Doyle was one of the first priests from the Catholic Church to draw the public's attention to the problem of sexual abuse among the clergy by issuing in 1985 a report examining medical and legal aspects of pedophilia in the priesthood. Since then, the former priest has served as an expert witness in thousands of sexual abuse cases around the world.
Sputnik talked to Doyle against the backdrop of a series of revelations about the Catholic Church molestation cases, including about the concealment of years of clergy sexual abuse in the US state of Pennsylvania, and Pope Francis' visit to Ireland, during which he acknowledged the church's failure to tackle the issue of child abuse offenses at the hands of the clergy.
All talk, no decisive action
When asked to comment on the first papal visit to Ireland in 39 years, Doyle expressed his disappointment with the Pope's address in Dublin since the former priest and his colleagues expected the pope to unveil some strong measures, preferably a universal law for the entire Catholic Church, that would combat child abuse crimes committed by the clergy.

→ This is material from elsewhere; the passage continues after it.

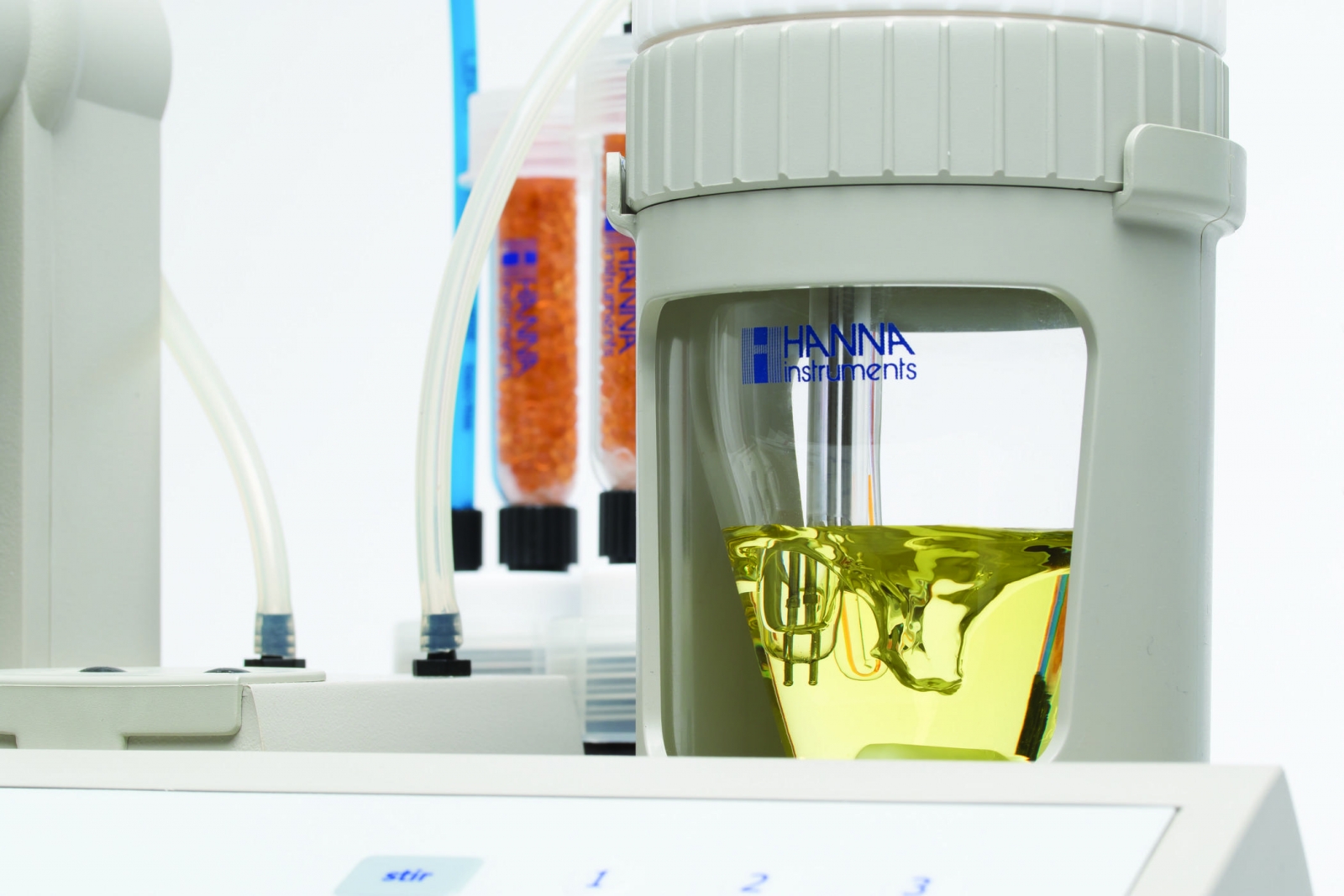 HI903 có cổng lấy mẫu nhanh với vách ngăn cao su có thể thay thế cho phép đưa mẫu nhanh và dễ dàng vào bình chuẩn độ. Một máy khuấy từ tích hợp đảm bảo tính đồng nhất cho một phản ứng chính xác và nhanh chóng.

"This was a wonderful opportunity for the Pope to announce some form of action, and what we would ask for was universal … a universal law so that if an individual sexually abused a child now or in the past they were out of Ministry forever. The only country where that's a law is the United States and that's because the [US] bishops were pushed by the people to do so. We're asking the Pope to make zero tolerance a policy, a law, for the entire Catholic Church. We were disappointed that he did not do that," Doyle explained.
He also pointed at the abundance of rhetoric in Pope Francis' address in Dublin, adding that, in his experience, measures to fight the problem of sexual abuse in the Catholic Church were pushed by victims of sexual offenses rather than by the clergy.
"It's still rhetoric and that's what we have been hearing… now I have been involved in this for thirty-four years and all I have heard is rhetoric… any major changes or any laws that have been passed or anything of that nature… has been forced by the survivors," Doyle indicated.
He acknowledged, though, that the rhetoric coming from the pope was much stronger compared to what had been said before.
"I think the rhetoric that he did… the things he said were good, they were strong, they were very pointed… Much more pointed than any rhetoric than before, but… and this is a big but… it's still rhetoric. It's still words," Doyle said.
According to Doyle, the papal visit did, nevertheless, make the sex abuse issue a very powerful theme in media.
"The newspapers were full of that… The media focused clearly on the sexual abuse and exactly what I'm saying: the rhetoric and the lack of action. There were a lot of interviews with survivors, with people who are actively supporting survivors like myself," Doyle pointed out.
He revealed that his active engagement in the movement to help the victims of sexual abuse made him leave the church.
"I have not been an active priest for a number of years because I have been active in the movement to help the victims of sexual abuse… and if you're active in that, you can hardly be an active priest, especially in the United States, I'm considered too subversive, too dangerous… Besides I don't want to work for an organization that has enabled widespread sexual abuse of children," Doyle stressed.
Catholic church infighting
In late July, Pope Francis accepted the resignation of McCarrick, archbishop emeritus of Washington, after the latter was found guilty of sexually abusing a teenager while serving as a priest in New York nearly 50 years ago.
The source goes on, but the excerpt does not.